2. It is well known that the French philosopher René Descartes (1596-1650) espoused that animals feel no pain, for, in his opinion, they lack consciousness: their recoiling against physical pain inflicted cruelly against them was nothing but an instinctual, mechanical reaction. Obviously, anyone who has observed animals, especially those humans who have pets, know that they experience, and react to, hunger, fear, pain. Some show sublime maternal instincts, too. Finally, during the late Enlightenment, it was established that animals are in fact capable of perceiving physical pain (Williams).
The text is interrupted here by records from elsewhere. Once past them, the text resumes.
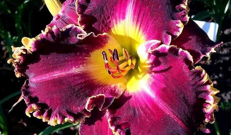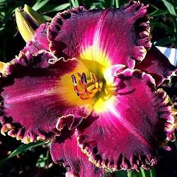 Лилейник Romeo Prince (Ромео Принц). EV, TET. Цветок темно-пурпурный, бархатный, с серебристым водяным знаком. Горло зеленое. Кайма темно-пурпурная с золотистой кромкой. Высота цветоносов 109 см. Диаметр цветка 15 см Срок цветения средне-ранний (возможно повторное цветение). Ароматный. Количество бутонов — 40 шт.
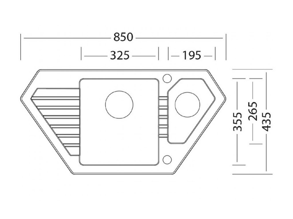 Vonkajšie rozmery drezu: 850 x 435 mm
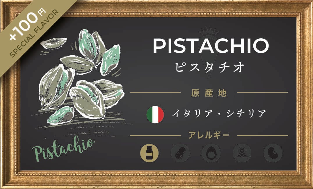 当店人気NO1フレーバー。シチリアピスタチオを何度もすり潰して作られた香り豊かなペーストを使用。イタリアでFLORを人気店へ押し上げたのはこのピスタチオがあってこそ。是非本場の味をお楽しみください。
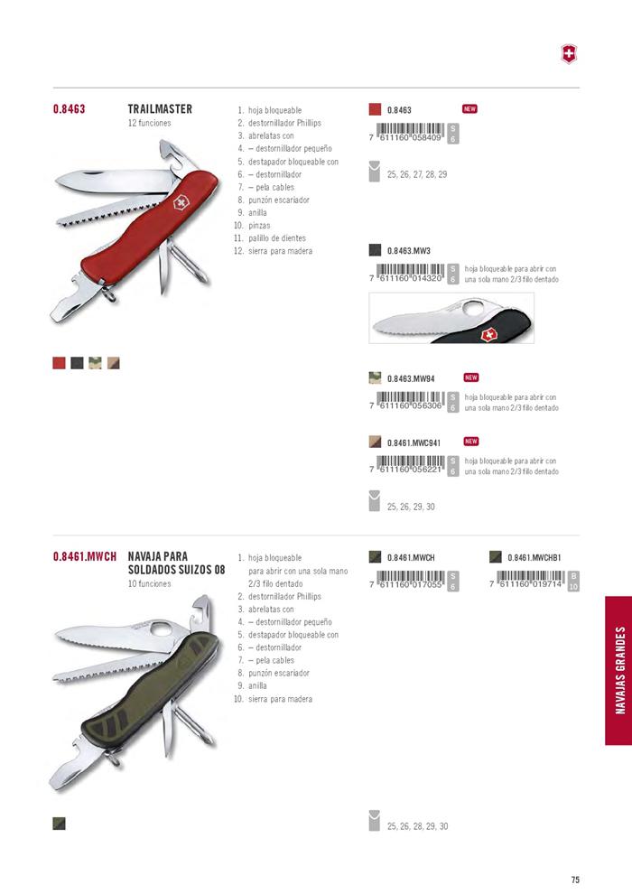 Lâmina travável, chave de fenda 1/2 Phillips, abridor de latas com chave de fenda de 3mm, abridor de garrafa travável com chave de fenda 7mm e removedor de fios, perfurador alargador, anel, pinça, palito, serra de madeira. Peso 130 gr. Comprimento 111 mm, altura 18 mm.

3. At the moment of this writing, Patterson’s book is in its fourth printing, and has been translated into 12 languages (http://www.excellenteditor.com/works.htm). For a smattering of positive reactions, see http://www.powerfulbook.com/reactions.html. To clarify the legal status of animals in the United States: from a legal point of view, today in the United States animals are classified as property, thus have no inherent rights, other than those afforded to the owners of such property. Animals are deemed to be inanimate, disposable things. Animals fall into a somewhat gray legal area, in that they are not humans, yet they are not inanimate objects, either (plaintiffs who have tragically lost animals may be awarded damages of some sort, depending on the specific circumstances). As much as there is some animal anti-cruelty legislation in most US states, the Animal Welfare Act (1966) was originally signed into law to regulate “the care and use of animals in the laboratory, it has become the only Federal law in the United States that regulates the treatment of animals in research, exhibition, transport, and by dealers.” Animals raised for clothing or for food are not included in its regulations and protections. (From the USDA website. http://awic.nal.usda.gov/nal_display/index.php?info_center=3&tax_level=1&tax_subject=182)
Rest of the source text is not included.